If you're attempting to learn real analysis in one dimension, Abbott's Understanding Analysis is a great place to start. It is everything that a math textbook used for instruction should be: it has clean, concise prose, it assumes modest jumps in understanding, and it includes a good selection of exercises. Additionally, Abbott's book maintains a conversational tone without watering down the formality at the center of the mathematics while managing to convey the feeling of seeing "the big picture". Yes, there are more complete treatments (Rudin, Bartle, Browder, etc), but none of them are nearly as accessible, and frankly they aren't as good at providing an introduction to the subject.
This last statement may cause cries of anguish from mathies everywhere, as I've just suggested that there are some ways in which this book is better than Rudin's Principles of Mathematical Analysis. Rudin's texts (and most other upper division and graduate math texts that I've read) seem to fall into the same pedagogical trap: they assume that the student is already familiar with the material, but they may need a quick reminder of the particulars. This is, of course, not generally the case, so the student is left to fill in whatever gaps exist, hopefully with the aid of an instructor. Indeed, there is a sort of book for which this strategy is ideal: a reference. For this use, Rudin is spectacular. For actually learning the material for the first time, it is useful to have a bit of guidance, a bit of context, and a bit of direction. It is as if many math authors have forgotten a time where they didn't thoroughly understand the material, or worse, that they have somehow conflated the pain that they experienced as students while trudging through poorly realized texts with learning the material! Abbott does not fall into this trap, and for this, he deserves more praise than I can manage. The quality of the exposition in this book has re-awakened my dissatisfaction with most other math texts.

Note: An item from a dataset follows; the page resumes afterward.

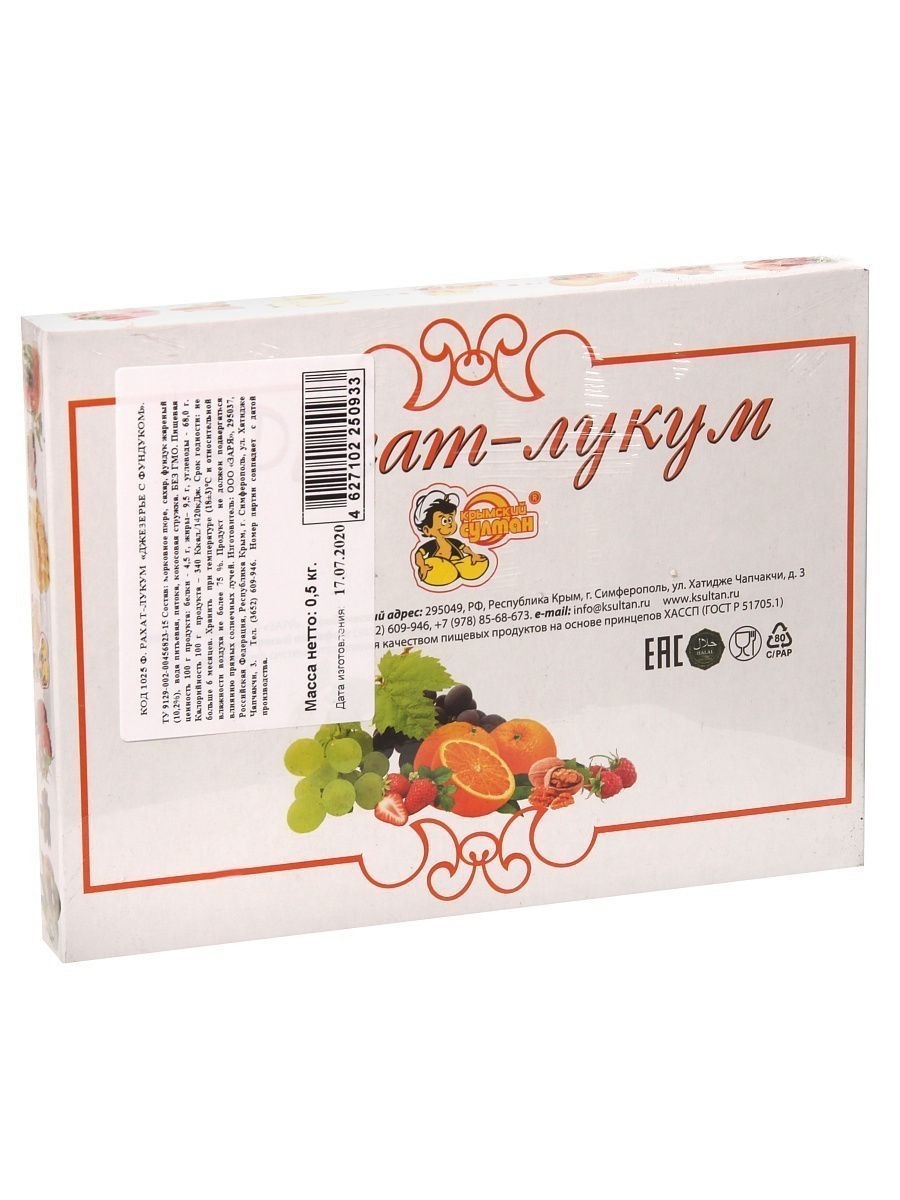 Крымский султан Рахат лукум "Джезерье с фундуком" кокосовая стружка, 500 г

The only negative comments that I can make about this book come as a direct consequence of the material that Abbott chose not to cover. The chapters are as follows: the real numbers, sequences and series, basic topology on the reals, functional limits and continuity, the derivative, sequences and series of functions, the Riemann integral and additional topics, which include the generalized Riemann integral (a.k.a the gauge integral), metric spaces and the Baire category theorem, Fourier series and a construction of the reals from the rationals. All of these topics are done with respect to the real line, and there is no move toward generalizing the results to multiple dimensions.
I desperately want to see this book in general use, but for this to happen I think that it needs to cover sufficient material for a year long sequence. If Abbott were to include material on real analysis in n-dimensions (including vector valued functions), more information on metric spaces, and an introduction to function spaces, that should do it.
To summarize: if you're trying to learn the material presented in this book, buy it, but beware: the quality of the exposition of this book will spoil you and make you dissatisfied with other texts.